**ABOUT THIS TASK:** From the line containing "秋田県管理ダムのうち、森吉ダ" to the last line of the listing, transcribe exactly and add nothing else; keep both ends and omit pictures.

**DATASET ENTRIES:**
===

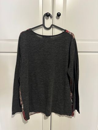 Blusa de manga larga con un diseño estampado llamativo. - Mangas de color gris oscuro. - Parte frontal con estampado floral y paisley. - Cuello redondo.
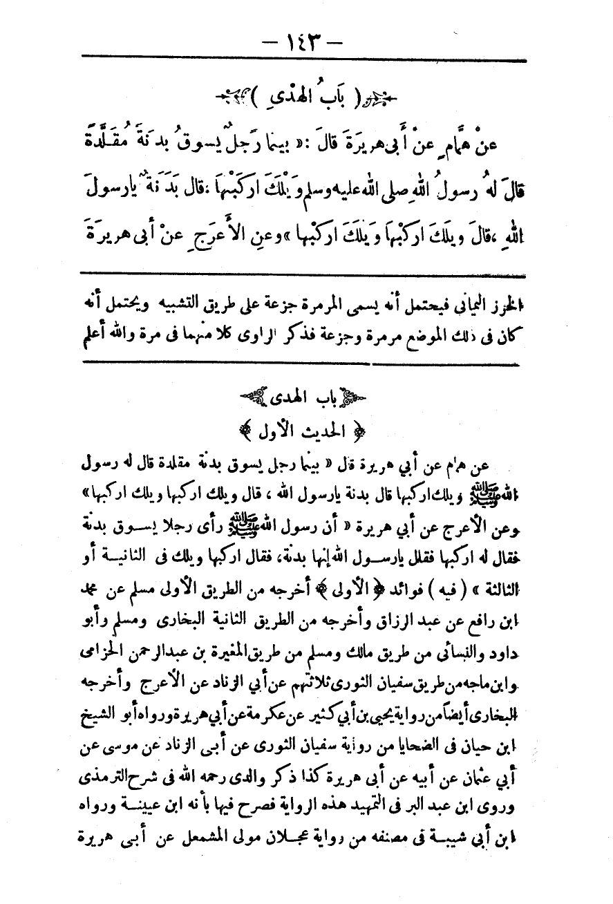 {بَابُ الْهَدْيِ} {الْحَدِيثُ الْأَوَّلُ} عَنْ هَمَّامٍ عَنْ أَبِي هُرَيْرَةَ قَالَ «بَيْنَمَا رَجُلٌ يَسُوقُ بَدَنَةً مُقَلَّدَةً قَالَ لَهُ رَسُولُ اللَّهِ - صَلَّى اللَّهُ عَلَيْهِ وَسَلَّمَ - وَيْلَك ارْكَبْهَا قَالَ بَدَنَةٌ يَا رَسُولَ اللَّهِ، قَالَ وَيْلَك ارْكَبْهَا وَيْلَك ارْكَبْهَا» وَعَنْ الْأَعْرَجِ عَنْ أَبِي هُرَيْرَةَ «أَنَّ رَسُولَ اللَّهِ - صَلَّى اللَّهُ عَلَيْهِ وَسَلَّمَ - رَأَى رَجُلًا يَسُوقُ بَدَنَةً فَقَالَ لَهُ ارْكَبْهَا فَقَالَ يَا رَسُولَ اللَّهِ إنَّهَا بَدَنَةٌ، فَقَالَ ارْكَبْهَا وَيْلَك فِي الثَّانِيَةِ أَوْ الثَّالِثَةِ» (فِيهِ) فَوَائِدُ:
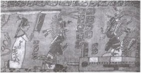 Сцена, изображенная на сосуде: одного майяского правителя принесли в открытом паланкине в гости к другому владыке. Иероглифы в центре рисунка до сих пор не расшифрованы. Горизонтальный ряд иероглифов вверху содержит обычный для той эпохи текст: в нем воздается хвала самому сосуду и говорится о том, что он предназначен для напитка из какао‑бобов
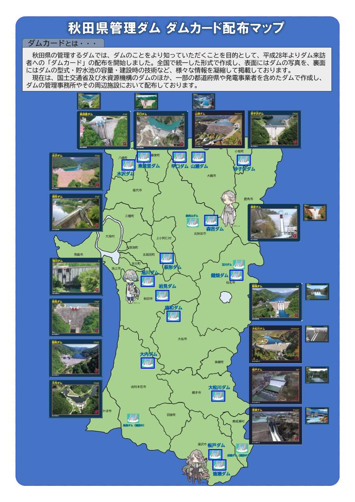 秋田県管理ダムのうち、森吉ダム、皆瀬ダム、旭川ダムのキャラクター入ダムカードを枚数限定で配布します。
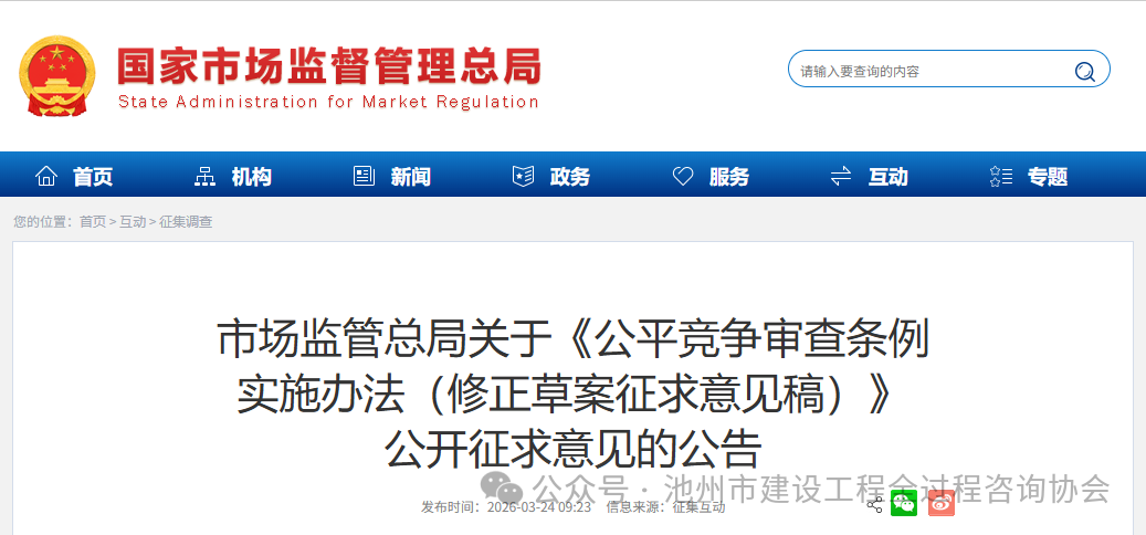 为深入贯彻党的二十大和二十届历次全会精神,认真落实中央经济工作会议部署,市场监管总局对《公平竞争审查条例实施办法》进行修改完善,进一步健全审查机制、规范审查流程、压实审查责任,切实加强公平竞争审查刚性约束,坚决破除地方保护和市场分割问题,促进加快建设全国统一大市场。经过前期调研、专家论证、征求意见,研究形成修正草案征求意见稿及其说明,现向社会公开征求意见。公众可通过以下方式提出反馈意见:

===

**EXPECTED ANSWER:**
 秋田県管理ダムのうち、森吉ダム、皆瀬ダム、旭川ダムのキャラクター入ダムカードを枚数限定で配布します。
 为深入贯彻党的二十大和二十届历次全会精神,认真落实中央经济工作会议部署,市场监管总局对《公平竞争审查条例实施办法》进行修改完善,进一步健全审查机制、规范审查流程、压实审查责任,切实加强公平竞争审查刚性约束,坚决破除地方保护和市场分割问题,促进加快建设全国统一大市场。经过前期调研、专家论证、征求意见,研究形成修正草案征求意见稿及其说明,现向社会公开征求意见。公众可通过以下方式提出反馈意见:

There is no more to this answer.